▸ What this task involves
Your job is to return every line of the listing holding the string "that".

▸ The input

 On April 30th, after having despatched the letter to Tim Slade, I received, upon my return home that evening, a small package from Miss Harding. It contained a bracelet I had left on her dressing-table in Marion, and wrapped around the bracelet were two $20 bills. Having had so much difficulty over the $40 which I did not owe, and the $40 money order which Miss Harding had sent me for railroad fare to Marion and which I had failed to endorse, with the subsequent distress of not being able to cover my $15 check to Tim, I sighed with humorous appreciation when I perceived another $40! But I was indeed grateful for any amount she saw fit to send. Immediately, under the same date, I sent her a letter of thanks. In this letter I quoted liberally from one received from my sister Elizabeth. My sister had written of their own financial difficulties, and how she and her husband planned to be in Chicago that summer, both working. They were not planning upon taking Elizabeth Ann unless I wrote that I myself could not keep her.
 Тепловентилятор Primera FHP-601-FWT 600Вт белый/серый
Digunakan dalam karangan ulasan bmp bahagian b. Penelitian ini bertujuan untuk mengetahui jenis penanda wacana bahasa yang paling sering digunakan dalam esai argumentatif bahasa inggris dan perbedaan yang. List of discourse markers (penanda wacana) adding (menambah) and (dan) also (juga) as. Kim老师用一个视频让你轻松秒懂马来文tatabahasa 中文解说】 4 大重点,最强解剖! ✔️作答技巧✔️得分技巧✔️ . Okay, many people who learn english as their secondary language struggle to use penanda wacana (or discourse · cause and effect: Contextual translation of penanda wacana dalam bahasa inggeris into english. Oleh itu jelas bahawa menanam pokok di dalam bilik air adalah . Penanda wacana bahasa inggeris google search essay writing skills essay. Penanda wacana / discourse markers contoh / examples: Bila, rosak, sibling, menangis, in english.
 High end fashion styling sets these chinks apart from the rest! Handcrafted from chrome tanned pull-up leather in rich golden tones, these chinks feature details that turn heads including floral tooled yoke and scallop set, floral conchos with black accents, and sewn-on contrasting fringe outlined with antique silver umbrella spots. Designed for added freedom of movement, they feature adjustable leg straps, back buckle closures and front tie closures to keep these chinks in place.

* * *

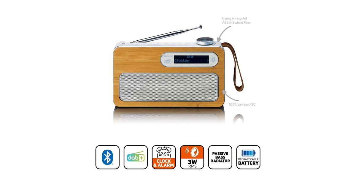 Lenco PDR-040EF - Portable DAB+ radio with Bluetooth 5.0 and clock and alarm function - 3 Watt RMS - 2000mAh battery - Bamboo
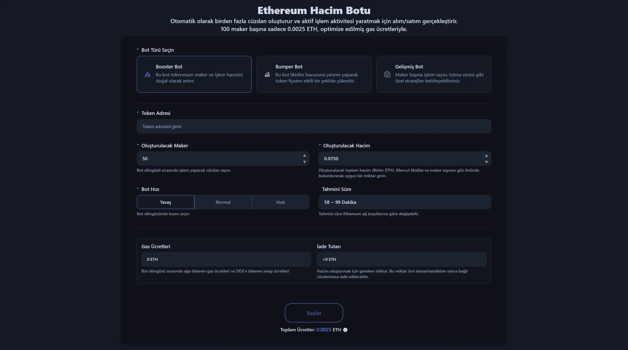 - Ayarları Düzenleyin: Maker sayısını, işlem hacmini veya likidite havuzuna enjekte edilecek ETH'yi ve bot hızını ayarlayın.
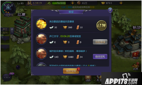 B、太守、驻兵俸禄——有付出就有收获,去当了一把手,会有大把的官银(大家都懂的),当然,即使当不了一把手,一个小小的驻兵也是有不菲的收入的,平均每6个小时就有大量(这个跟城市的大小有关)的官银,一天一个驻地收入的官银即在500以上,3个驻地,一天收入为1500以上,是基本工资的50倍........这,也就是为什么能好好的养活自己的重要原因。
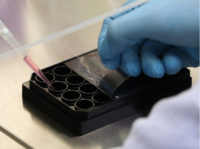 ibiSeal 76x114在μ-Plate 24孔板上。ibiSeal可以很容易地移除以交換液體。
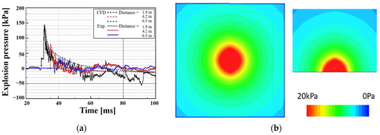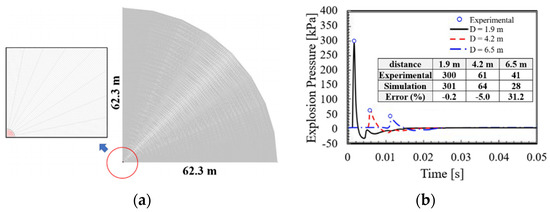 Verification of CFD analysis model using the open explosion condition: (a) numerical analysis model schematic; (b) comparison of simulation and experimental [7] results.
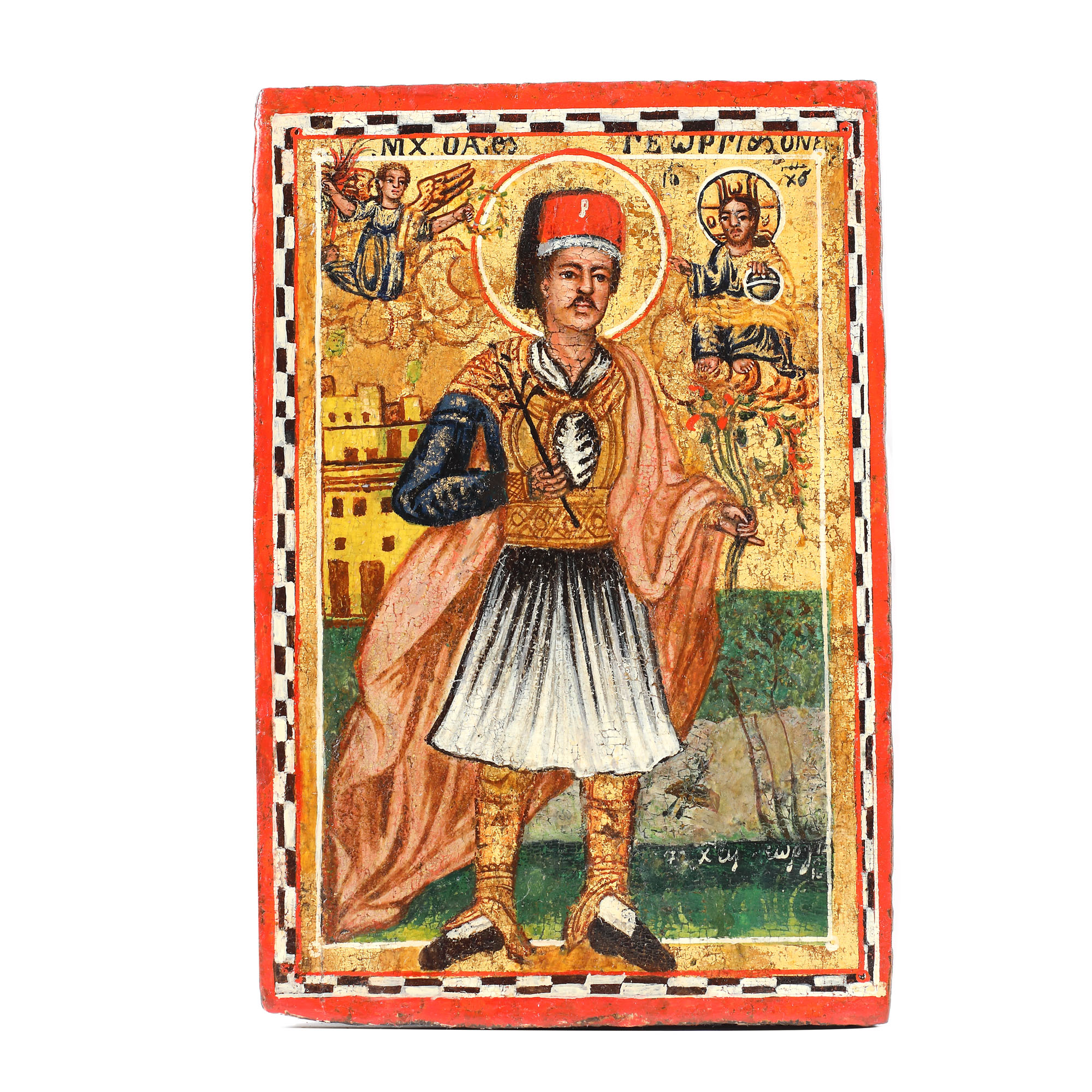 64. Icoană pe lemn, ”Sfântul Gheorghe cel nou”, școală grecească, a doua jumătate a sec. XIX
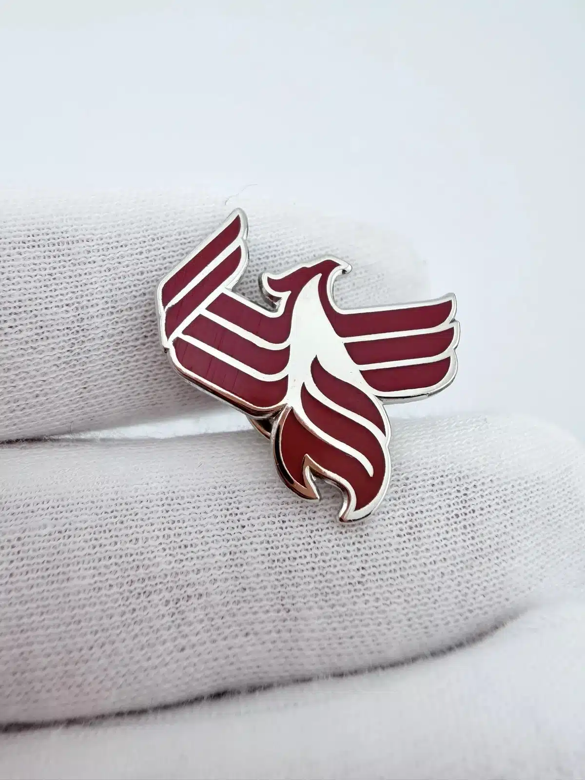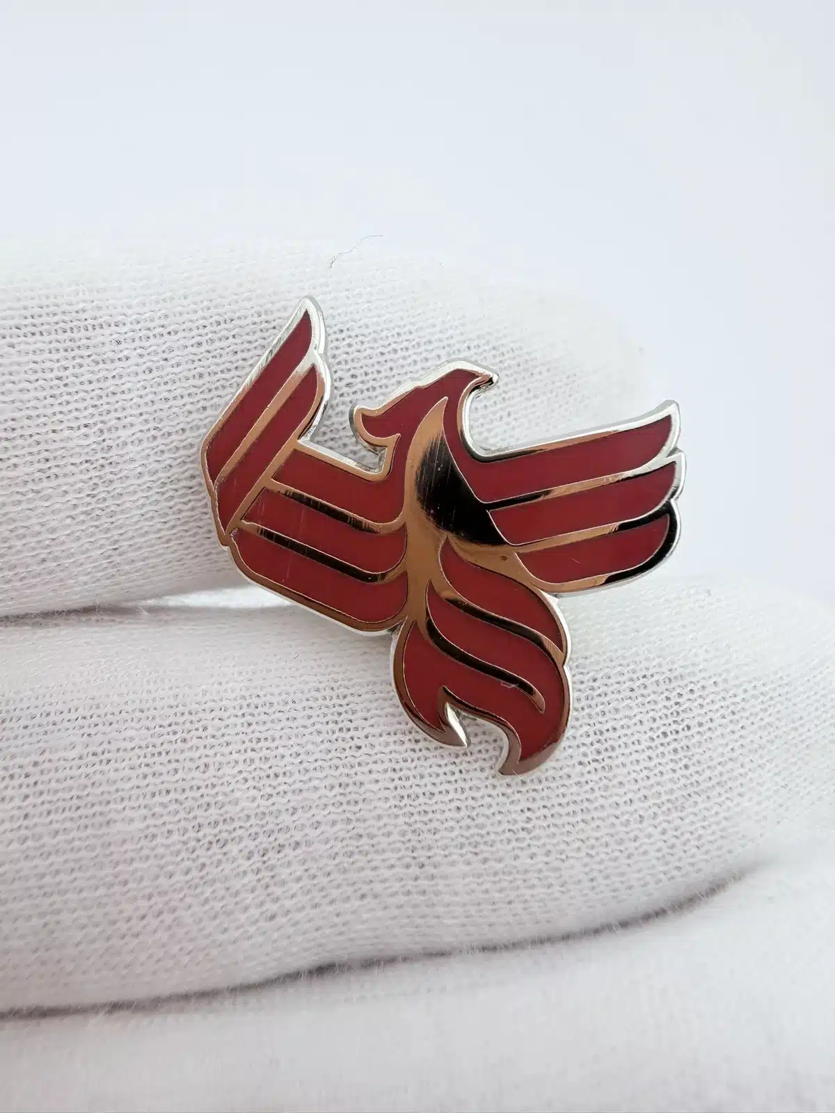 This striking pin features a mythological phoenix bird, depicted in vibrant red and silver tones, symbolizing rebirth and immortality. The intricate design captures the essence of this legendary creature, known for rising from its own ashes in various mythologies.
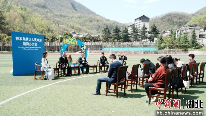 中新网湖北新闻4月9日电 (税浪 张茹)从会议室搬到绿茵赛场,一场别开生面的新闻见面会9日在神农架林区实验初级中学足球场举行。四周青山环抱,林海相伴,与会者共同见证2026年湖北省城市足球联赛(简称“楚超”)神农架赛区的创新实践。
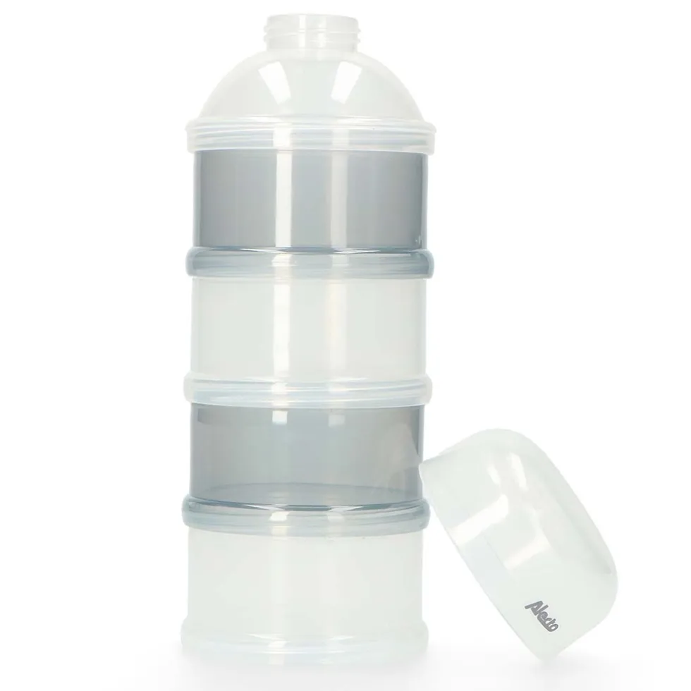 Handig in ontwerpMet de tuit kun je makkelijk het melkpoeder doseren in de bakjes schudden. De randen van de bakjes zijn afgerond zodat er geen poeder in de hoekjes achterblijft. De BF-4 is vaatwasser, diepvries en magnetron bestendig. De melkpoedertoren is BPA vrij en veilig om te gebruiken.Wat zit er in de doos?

▸ Exercise output
 On April 30th, after having despatched the letter to Tim Slade, I received, upon my return home that evening, a small package from Miss Harding. It contained a bracelet I had left on her dressing-table in Marion, and wrapped around the bracelet were two $20 bills. Having had so much difficulty over the $40 which I did not owe, and the $40 money order which Miss Harding had sent me for railroad fare to Marion and which I had failed to endorse, with the subsequent distress of not being able to cover my $15 check to Tim, I sighed with humorous appreciation when I perceived another $40! But I was indeed grateful for any amount she saw fit to send. Immediately, under the same date, I sent her a letter of thanks. In this letter I quoted liberally from one received from my sister Elizabeth. My sister had written of their own financial difficulties, and how she and her husband planned to be in Chicago that summer, both working. They were not planning upon taking Elizabeth Ann unless I wrote that I myself could not keep her.
 High end fashion styling sets these chinks apart from the rest! Handcrafted from chrome tanned pull-up leather in rich golden tones, these chinks feature details that turn heads including floral tooled yoke and scallop set, floral conchos with black accents, and sewn-on contrasting fringe outlined with antique silver umbrella spots. Designed for added freedom of movement, they feature adjustable leg straps, back buckle closures and front tie closures to keep these chinks in place.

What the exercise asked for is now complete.